As __get_user_pages() will currently do a new VMA lookup either way, let
it do the VMA handling in a different way, controlled by a new
FOLL_MADV_POPULATE flag, effectively moving these checks from
madvise_populate() + faultin_page_range() in there.
With this change, Darricks reproducer properly fails with -EFAULT, as
documented for MADV_POPULATE_READ / MADV_POPULATE_WRITE.

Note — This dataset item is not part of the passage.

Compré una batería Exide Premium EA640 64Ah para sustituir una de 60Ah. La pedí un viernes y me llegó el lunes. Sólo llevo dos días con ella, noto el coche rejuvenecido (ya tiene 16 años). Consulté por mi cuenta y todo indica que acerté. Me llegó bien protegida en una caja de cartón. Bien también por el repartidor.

[1] https://lore.kernel.org/all/20240313171936.GN1927156@frogsfrogsfrogs/
Link: https://lkml.kernel.org/r/20240314161300.382526-1-david@redhat.com
Link: https://lkml.kernel.org/r/20240314161300.382526-2-david@redhat.com
Fixes: 4ca9b3859dac ("mm/madvise: introduce MADV_POPULATE_(READ|WRITE) to prefault page tables")

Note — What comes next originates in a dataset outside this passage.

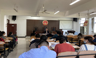 会上,刘卫国教授就法学专业毕业论文的写作流程及计划进行了详细阐述。

Signed-off-by: David Hildenbrand <david(a)redhat.com>
Reported-by: Darrick J. Wong <djwong(a)kernel.org>
Closes: https://lore.kernel.org/all/20240311223815.GW1927156@frogsfrogsfrogs/
Cc: Darrick J. Wong <djwong(a)kernel.org>
Cc: Hugh Dickins <hughd(a)google.com>
Cc: Jason Gunthorpe <jgg(a)nvidia.com>
Cc: John Hubbard <jhubbard(a)nvidia.com>
Cc: <stable(a)vger.kernel.org>
Signed-off-by: Andrew Morton <akpm(a)linux-foundation.org>
diff --git a/mm/gup.c b/mm/gup.c
index af8edadc05d1..1611e73b1121 100644
--- a/mm/gup.c
+++ b/mm/gup.c
@@ -1206,6 +1206,22 @@ static long __get_user_pages(struct mm_struct *mm,
/* first iteration or cross vma bound */
if (!vma || start >= vma->vm_end) {
+ /*
+ * MADV_POPULATE_(READ|WRITE) wants to handle VMA
+ * lookups+error reporting differently.
+ */
+ if (gup_flags & FOLL_MADV_POPULATE) {
+ vma = vma_lookup(mm, start);
+ if (!vma) {
+ ret = -ENOMEM;
+ goto out;
+ }
+ if (check_vma_flags(vma, gup_flags)) {
+ ret = -EINVAL;
+ goto out;
+ }
+ goto retry;
+ }
vma = gup_vma_lookup(mm, start);
if (!vma && in_gate_area(mm, start)) {
ret = get_gate_page(mm, start & PAGE_MASK,
@@ -1685,35 +1701,35 @@ long populate_vma_page_range(struct vm_area_struct *vma,
}
/*
- * faultin_vma_page_range() - populate (prefault) page tables inside the
- * given VMA range readable/writable
+ * faultin_page_range() - populate (prefault) page tables inside the
+ * given range readable/writable
*
* This takes care of mlocking the pages, too, if VM_LOCKED is set.
*
- * @vma: target vma
+ * @mm: the mm to populate page tables in
* @start: start address
* @end: end address
* @write: whether to prefault readable or writable
* @locked: whether the mmap_lock is still held
*
- * Returns either number of processed pages in the vma, or a negative error
- * code on error (see __get_user_pages()).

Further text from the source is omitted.